Sony’s says its PlayStation Vita gaming handheld topped 1.2 million units sold worldwide as of Feb. 26, following its U.S. launch on Feb. 22 and Dec. 17 in Japan. The company says sales have “exceeded expectations,” and adds that global software sales have surpassed two million units, including both retail purchases and software downloaded via the company’s PlayStation Network.
“PS Vita was designed to deliver the ultimate portable entertainment experience, and we couldn’t be more thrilled with the reaction we’re seeing from consumers and the pace at which PS Vita is selling,” said Sony Computer Entertainment president Andrew House in a statement. “The market has responded and there is clear demand for a mobile device capable of providing a revolutionary combination of rich gaming and social connectivity within a real world context. To sustain momentum, we’re working closely with 3rd party developers and publishers to ensure the best games and franchises possible will be available on PS Vita, and our software line up for the remainder of 2012 will have something for everyone across the globe.”
How do Sony’s figures stack up against the competition? Sony’s traditional opponent in the games handheld race is Nintendo (we’ll talk nontraditional in a moment). The 3DS, which launched in Japan on Feb. 26, 2011 and in the U.S. and Europe in late March 2011, had sold 3.61 million units by the final week of April 2011 (and note that’s while the 3DS was still $250 in the U.S.). While Sony says the Vita “exceeded expectations,” it has its work cut out if it wants to go neck-and-neck with the 3DS’s preliminary numbers — to the tune of two million or more units it’ll need to move between now and the end of March.
Of course 3DS sales plummeted after that initial surge in early 2011, prompting Nintendo to do something unprecedented: drop the price of the 3DS from $250 to $170 not six months after it debuted (the price drop went into effect Aug. 12). That drop rejuvenated 3DS sales, bringing Nintendo’s life-to-date totals (through the holidays) to over 15 million units shipped.

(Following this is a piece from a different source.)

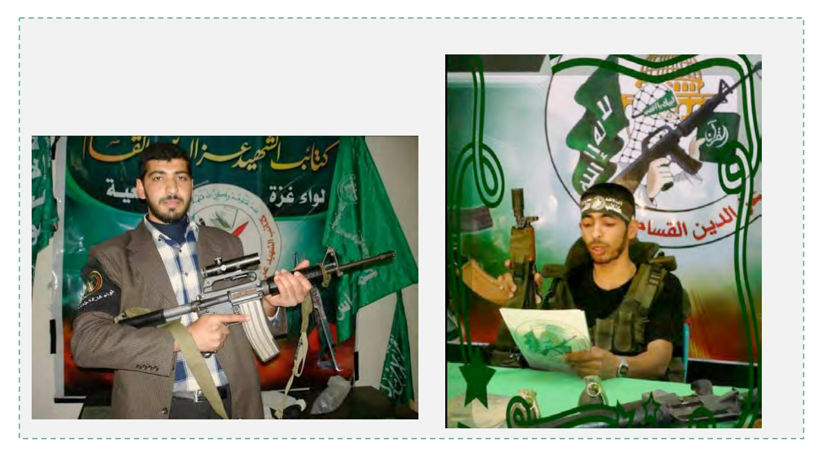
Left: A shaheed from Hamas' military-terrorist wing, killed in February 2008. The picture was posted by the Facebook page of the al-Salam mosque on the anniversary of his death. Right: A Hamas operative reads a memorial notice for a Hamas operative killed in the Gaza Strip in Operation Cast Lead, who used to pray at the al-Salam mosque.

Prognosticators like Strategy Analytics have said the Vita could top a respectable 12 million unit sales for 2012, but only if the system experiences a price cut sometime in the next 12 months. Whether that’ll happen is impossible to say. Sony’s reportedly in a better situation with the Vita margin-wise (based on teardown speculation) than it was with the PlayStation 3, where it was taking significant manufacturing losses when that console was still selling for between $400 and $600. At risk of stating the obvious, it’ll depend how well the handheld does through the summer, as well as how software sales pan out — Sony’s advantage at the moment is that its launch software lineup is world’s better than Nintendo’s.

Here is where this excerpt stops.